CONTROL VARIABLES/TOTALS USED IN REWEIGHTING | |
---|---|
Household Control Variable | State Control Total |
Class A: Variables for which we use Administrative estimates of totals | |
Number of children age 0 | Population age 0 |
Number of children ages 1-5 | Population ages 1-5 |
Number of children ages 6-13 | Population ages 6-13 |
Number of children ages 14-18 | Population ages 14-18 |
Number of Hispanic children ages 0-18 | Hispanic population ages 0-18 |
Number of non-Hispanic black children ages 0-18 | Non-Hispanic black population ages 0-18 |
Class E: Variables for which we use Empirical Bayes shrinkage estimates of totals | |
Number of children < 50% FPL | Number of children < 50% FPL |
Number of children 50 to < 100% FPL | Number of children 50 to < 100% FPL |
Number of children 100 to < 200% FPL | Number of children 100 to < 200% FPL |
Number of children 200 to < 350% FPL | Number of children 200 to < 350% FPL |
Number of uninsured children < 100% FPL | Number of uninsured children < 100% FPL |
Number of uninsured children 100 to < 200% FPL | Number of uninsured children 100 to < 200% FPL |
Number of uninsured children 200% FPL or greater | Number of uninsured children 200% FPL or greater |
Class D: Variables for which we use Direct sample estimates of totals | |
Indicator that household is in a large central city with a substantial black or Hispanic population | Number of households in large central cities with substantial black or Hispanic populations |
Indicator that household is not in a large central city with a substantial black or Hispanic population | Number of households not in large central cities with substantial black or Hispanic populations |
The steps needed to derive control totals can become complex for at least two reasons.

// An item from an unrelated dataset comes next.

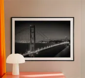 Golden Gate Bridge di sera | Monochrom poster con telaio in legno
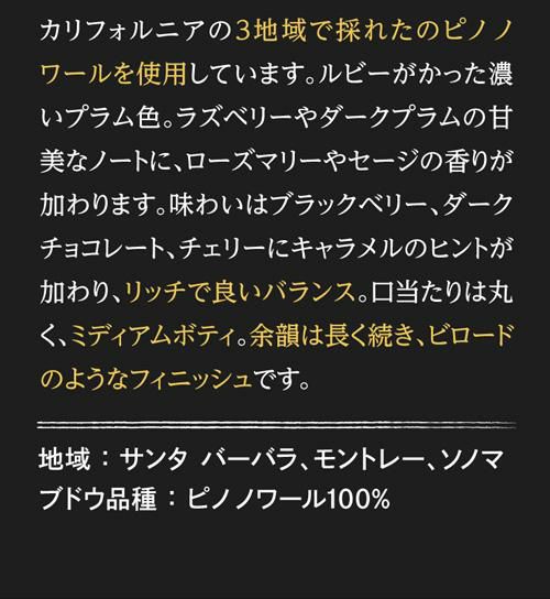 ソノマ、サンタバーバラ、モントレーの3つのエリアの葡萄をブレンド。チェリー、ドライハーブの香り、しなやかでエレガントな余韻を感じられます。

First, empirical Bayes estimation is itself complex and may also include steps that entail elaborate operations--such as smoothing estimated variances. Second, if a state control is obtained from an external source or by using empirical Bayes estimation, its introduction as a control is likely to change--and generally improve--the estimates of other totals to which it is related. For example, the CPS does not control the size of the Hispanic population at the state level, and Hispanic children tend to have higher uninsured rates than non-Hispanic children. By introducing estimates of the state Hispanic population as controls, we may improve the precision of the state estimates of uninsured children that we also want to use as controls. Rather than introducing all of the controls simultaneously in one step, it is desirable to introduce them sequentially so that the controls introduced at one step can allow us to obtain better estimates of controls that can be introduced--along with the earlier controls--at a later step.